What you have to do: What needs reproducing is the run of lines in the data below starting at the line with "レディース インナー 長袖" and ending at the line with "Black-White-Multi Cotton-Rayon Famous", both ends included. Copy it exactly, without pictures, and add nothing.

Records for this task:
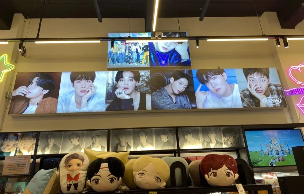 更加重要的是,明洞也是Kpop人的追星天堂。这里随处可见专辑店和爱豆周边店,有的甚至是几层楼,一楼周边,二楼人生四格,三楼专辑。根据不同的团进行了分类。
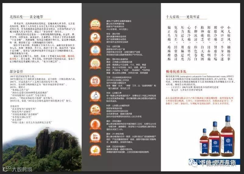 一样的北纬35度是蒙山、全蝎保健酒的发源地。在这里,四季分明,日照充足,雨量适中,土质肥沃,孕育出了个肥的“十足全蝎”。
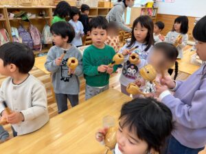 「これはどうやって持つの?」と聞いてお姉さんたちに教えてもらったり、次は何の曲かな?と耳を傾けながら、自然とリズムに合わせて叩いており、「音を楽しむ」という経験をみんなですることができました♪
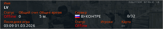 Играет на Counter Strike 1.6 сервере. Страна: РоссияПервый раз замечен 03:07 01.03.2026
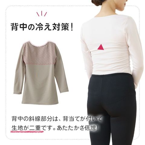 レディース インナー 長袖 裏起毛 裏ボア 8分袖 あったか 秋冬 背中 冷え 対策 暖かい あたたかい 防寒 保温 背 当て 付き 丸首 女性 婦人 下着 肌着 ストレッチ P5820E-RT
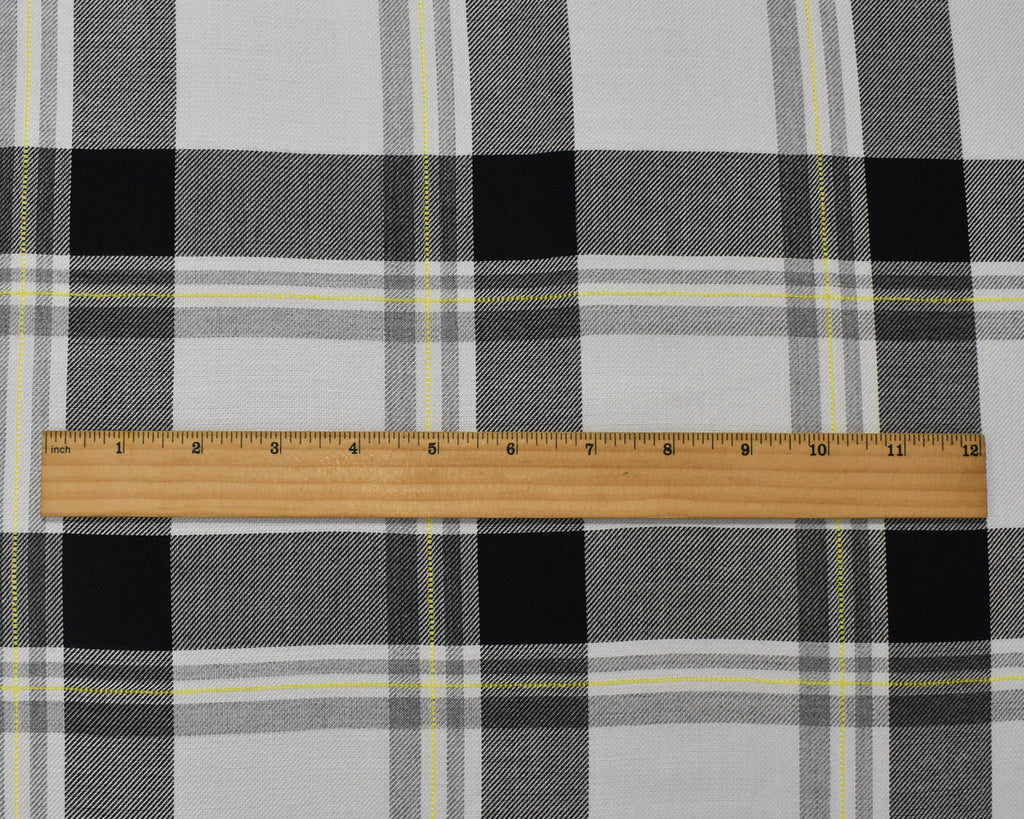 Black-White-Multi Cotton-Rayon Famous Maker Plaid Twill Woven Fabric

==

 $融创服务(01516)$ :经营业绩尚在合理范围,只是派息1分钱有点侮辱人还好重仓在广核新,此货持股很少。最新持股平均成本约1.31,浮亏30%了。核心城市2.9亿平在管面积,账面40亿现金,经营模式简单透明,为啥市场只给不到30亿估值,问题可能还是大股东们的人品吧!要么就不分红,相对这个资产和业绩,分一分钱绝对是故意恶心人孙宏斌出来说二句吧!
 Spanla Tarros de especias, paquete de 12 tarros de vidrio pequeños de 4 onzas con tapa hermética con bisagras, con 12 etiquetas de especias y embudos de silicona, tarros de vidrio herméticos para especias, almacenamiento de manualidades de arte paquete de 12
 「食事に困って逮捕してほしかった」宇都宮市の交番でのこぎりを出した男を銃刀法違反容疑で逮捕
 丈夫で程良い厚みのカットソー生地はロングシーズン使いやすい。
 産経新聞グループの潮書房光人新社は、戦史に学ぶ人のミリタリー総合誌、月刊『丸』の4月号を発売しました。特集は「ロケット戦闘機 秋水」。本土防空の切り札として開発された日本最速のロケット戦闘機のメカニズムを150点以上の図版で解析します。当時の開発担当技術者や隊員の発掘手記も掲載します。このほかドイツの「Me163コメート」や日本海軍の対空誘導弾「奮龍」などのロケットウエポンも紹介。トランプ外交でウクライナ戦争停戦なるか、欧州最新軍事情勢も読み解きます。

---

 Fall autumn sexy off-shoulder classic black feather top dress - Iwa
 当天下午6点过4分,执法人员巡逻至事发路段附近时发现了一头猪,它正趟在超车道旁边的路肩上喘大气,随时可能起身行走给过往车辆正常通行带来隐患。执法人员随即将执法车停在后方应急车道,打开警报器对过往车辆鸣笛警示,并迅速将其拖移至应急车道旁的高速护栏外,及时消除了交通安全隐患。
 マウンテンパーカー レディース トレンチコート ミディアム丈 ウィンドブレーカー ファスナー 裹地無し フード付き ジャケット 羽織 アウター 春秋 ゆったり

Output for this task:
 レディース インナー 長袖 裏起毛 裏ボア 8分袖 あったか 秋冬 背中 冷え 対策 暖かい あたたかい 防寒 保温 背 当て 付き 丸首 女性 婦人 下着 肌着 ストレッチ P5820E-RT
 Black-White-Multi Cotton-Rayon Famous Maker Plaid Twill Woven Fabric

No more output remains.